On January 30, 2018, Federal U.S. District Court Judge William Young sentenced Aegerion to pay some of the roughly $36 million fine for off-label marketing to Juxtapid patients. In November, Judge Young rejected an initial plea deal between the Department of Justice (DOJ) and Novelion Therapeutics (who now owns Aegerion) because it would have restricted his ability to impose a sentence upon the company.

Judge Young instead sentenced Aegerion in a deal that gave him discretion to determine how the payment would be split up. Young ordered the company to pay $7.2 million – the same amount the company had agreed to pay from the beginning – as part of the total $40.1 million fine.

Young’s concern with the DOJ-Aegerion agreement was that it was a fine that entirely went to the government, he instead wanted it to go to ninety-one patients who may have been harmed by Aegerion’s conduct. In a statement to the prosecution, Young stated, “I think you ought to pay more attention to the actual people who were harmed here.” He also went on to say, “I feel so strongly that people who were harmed by this criminality ought to have some recompense,” as quoted by the Boston Globe.

The patients who were affected and are set to receive a portion of the fine had taken Juxtapid for reasons other than the FDA-approved marketed reasons (which was to treat high cholesterol in people with a rare genetic disease). Instead, the company promoted the drug to patients who did not have the rare genetic disease, some of whom wound up with side effects including liver toxicity and gastrointestinal distress.

During court on the day of sentencing, Aegerion pled guilty to two misdemeanor counts that it misbranded Juxtapid in violation of the Federal Food, Drug & Cosmetic Act. In total, Aegerion agreed to pay $36 million to resolve criminal and civil claims by the DOJ and a $4.1 million deferred prosecution agreement to resolve a United States Securities and Exchange Commission case.

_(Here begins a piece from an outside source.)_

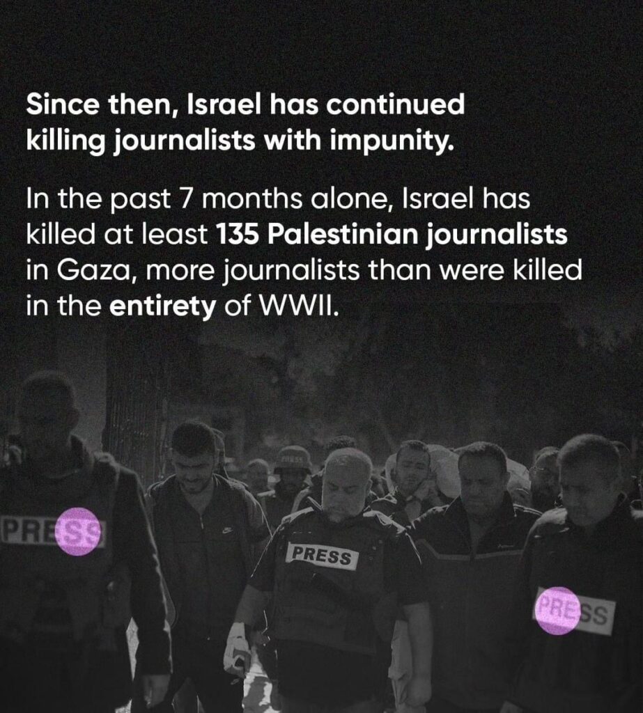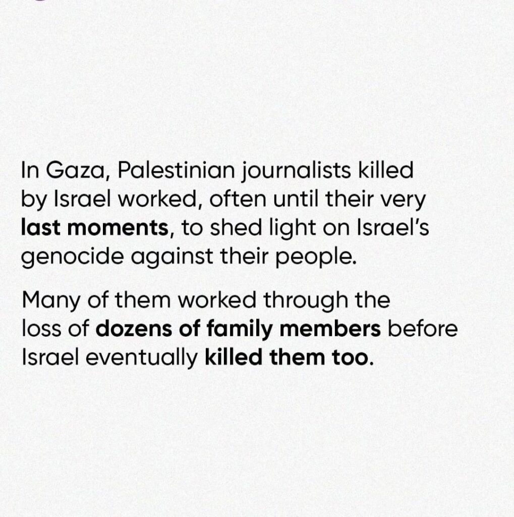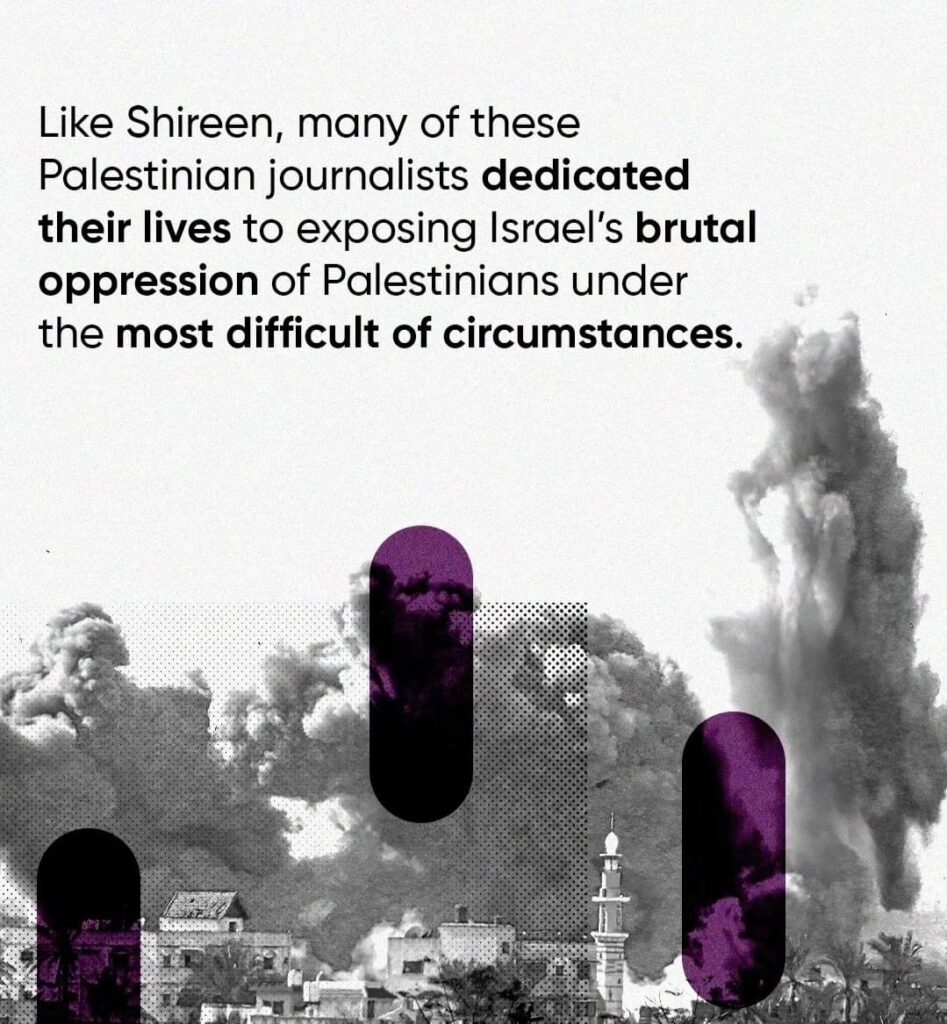 Westerse journalisten zwijgen over moorden op journalisten die in Gaza zijn vermoord door de apartheidsstaat Israël.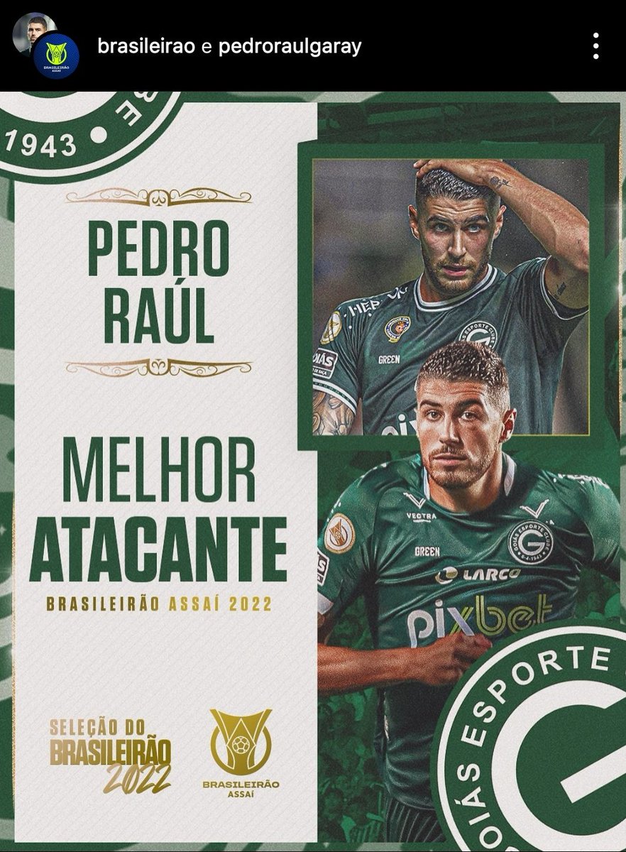 Pedro Raul, que está na mira do Vasco, foi eleito o melhor atacante do Brasileirão 2022 pelo Goiás, ao lado de Germán Cano.

Jeffrey Hackman, Novelion’s chief operation officer, accepted responsibility for the conduct and stated, “It never should have occurred, and we strive to ensure it never occurs again.”

In a statement, Novelion called the sentence an "important milestone" that allows it to focus on its business going forward. "As a company, we are deeply committed to legal and regulatory compliance," Chairman Jason M. Aryeh said. "We have worked tirelessly to build a culture of integrity and ethics under our new management team and board of directors, in an effort to put legacy Aegerion challenges behind us."

This is certainly an interesting way of sorting out the total fine for the company, and it will be interesting to see if any other judges begin to take the same tact – or better yet, if other companies get out in front of the issue and start to make payments to certain patients as part of settlement deals, or if this is a one-off situation.